That’s right Amazon Web Services or more endearingly known to humanity as AWS. AWS was released just two decades ago by the its parent company that offers everything from A to Z.

AWS like its parent company has a similar mantra in the cloud ☁️ computing world as they offer 200+ Cloud☁️ Services. So how the heck with so some many months passed that we haven’t been back since? The question is quite perplexing? But like they say “all Clouds☁️☁️ lead to AWS. So, here we are back in the AWS groove 🎶 and eager 😆 to explore 🔦the wondrous world🌎 of AWS Data solutions. Guiding us through this vast journey would be Richard Seroter (who ironically recently joined the team at Google). In 2015, Richard authored an amazing Pluralsight course covering Amazon RDS🛢, Amazon DynamoDB 🧨 and Amazon’s Redshift 🎆. It was like getting 3 courses for the price of 1! 😊

Although the course was several years old, for the most part it still out lasted the test of time ⏰ by providing a strong foundational knowledge for Amazon’s relational, NoSQL, and Data warehousing solutions. But unfortunately in technology years, it’s kind of like dog🐕 years. So obviously, there have been many innovations to all three of these incredible solutions including UI enhancements, architectural improvements and additional features to these great AWS offerings making them even more awesome!

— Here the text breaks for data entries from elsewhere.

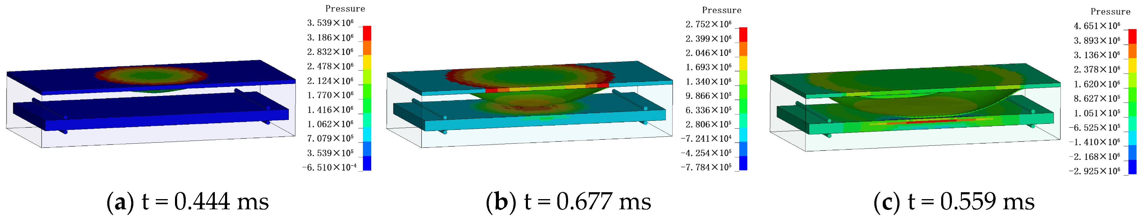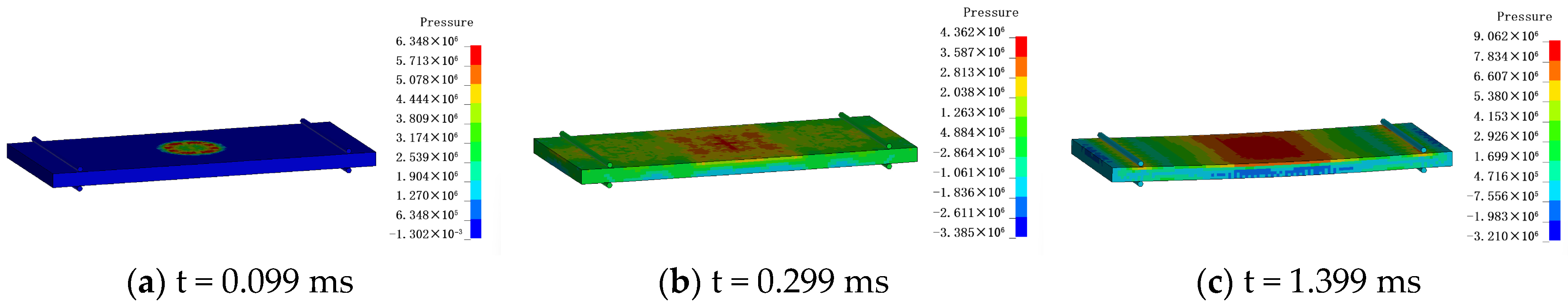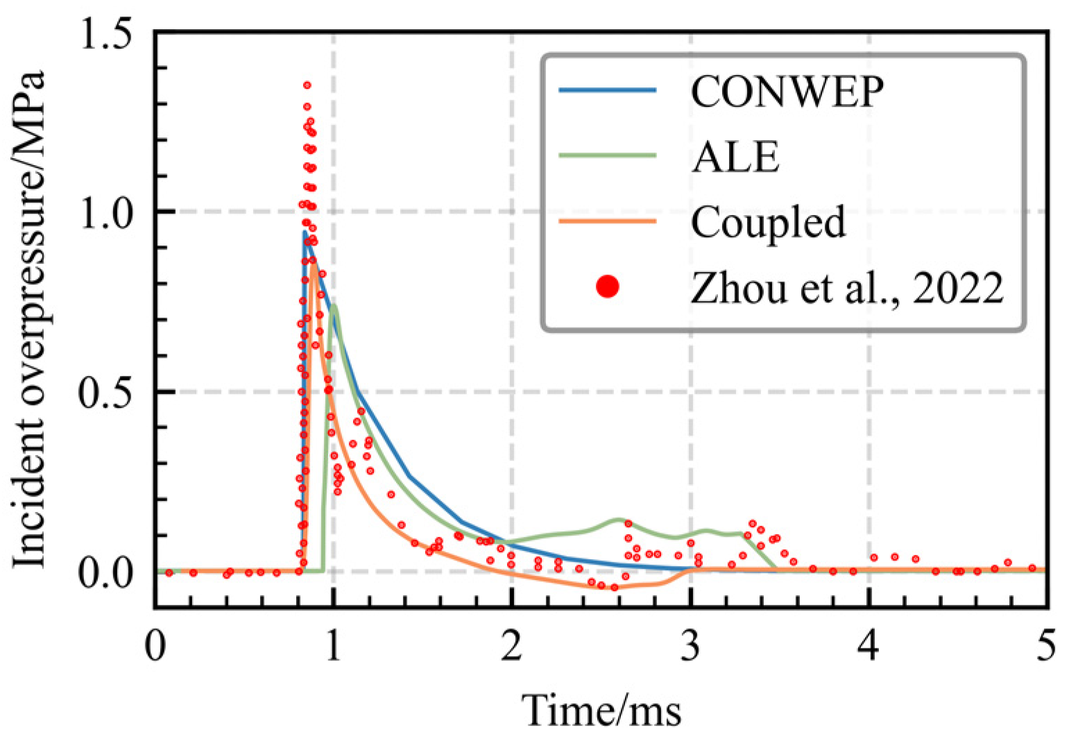 Figure 10 present incident overpressure results from the CONWEP, ALE, and CONWEP-ALE coupling algorithms. The CONWEP algorithm calculated incident overpressure using empirical formulas. In both the ALE and CONWEP-ALE coupling algorithms, incident overpressure was monitored using a single tracer point located in the air domain. The tracer was positioned 0.01 m from the center of the blast-facing surface of the RC slab. Pressure-time histories were recorded at a sampling frequency of 10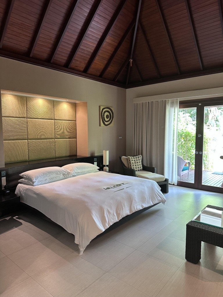 A king garden villában szálltunk meg. Ez egy olyan villa, amelynek nincs közvetlen tengerparti bejárata, de egy percen belül a parton lehetünk. A villát gyönyörű növényzet veszi körül. A szobában egy nagy franciaágy, széf, fürdőkád, zuhanyzó és kültéri zuhanyzó volt. Hajszárító, fürdőköpeny, papucs. Csak a klasszikusok.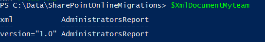 [xml]$XmlDocumentMyteam = Get-Content -Path .\Temp\Myteam-SPAdministratorsReport.xml #read XML file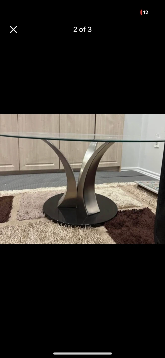 This is a modern glass top coffee table with a sturdy base. It's made with a clear glass top and a dark, possibly wood or laminate, pedestal base. The base has a curved metal accent. It's a nice focal point for a living room.

So for a grand finale to our marvelous week of learning and to help us fill in the gaps on some of these major enhancements as well as offering some additional insights were the team from AWS Training and certification which includes the talented fashionista Michelle Metzger, the always effervescent and insightful Blaine Sundrud and on demos the man with a quirky naming convention for database objects the always witty Stephen Cole

Back in our Amazon Web Services Databases in Depth course and in effort to make our journey that more captivating, Richard provided us with a nifty mobile sports 🏀 ⚾️ 🏈 app solution written in Node.js which leverages the Amazon data offerings covered in the course as components for an end to end solution. As the solution, was written several years back it did require some updating on some deprecated libraries📚 and some code changes in order to make the solution work which made our learning that more fulfilling. So, after a great introduction from Richard where he compares and contrasts RDS🛢, DynamoDB🧨, and Redshift🎆, we began our journey with Amazon’s Relational Database Service (RDS🛢). RDS🛢 is a database as a service (DBaaS) that makes provisioning, operating and scaling⚖️ either up or out seamless. In addition, RDS🛢 makes other time-consuming administrative tasks such as patching, and backups a thing of the past. Amazon RDS🛢 provides high availability and durability through the use of Multi-AZ deployments. In other words, AWS creates multiple instances of the databases in different Availability Zones making recovery from infrastructure failure automatic and almost transparent to the application. Of course like with all AWS offerings there always a heavy emphasis on security🔐 which it’s certainly reassuring when you putting your mission critical data in their hands 🤲 but it could also be a bit challenging at first to get things up and running when you are simply just trying connect to from your home computer 💻 back to the AWS infrastructure

As prerequisite, you first must create and configure a virtual private cloud☁️ (VPC) to put to your RDS🛢instance(s) in. You can leverage an existing one or you can create a dedicated one for RDS🛢instance(s).

It is required that your VPC have at least two subnets in order to support the Availability Zones for high availability. If direct internet access is needed that you will need to add an internet gateway to your VPC.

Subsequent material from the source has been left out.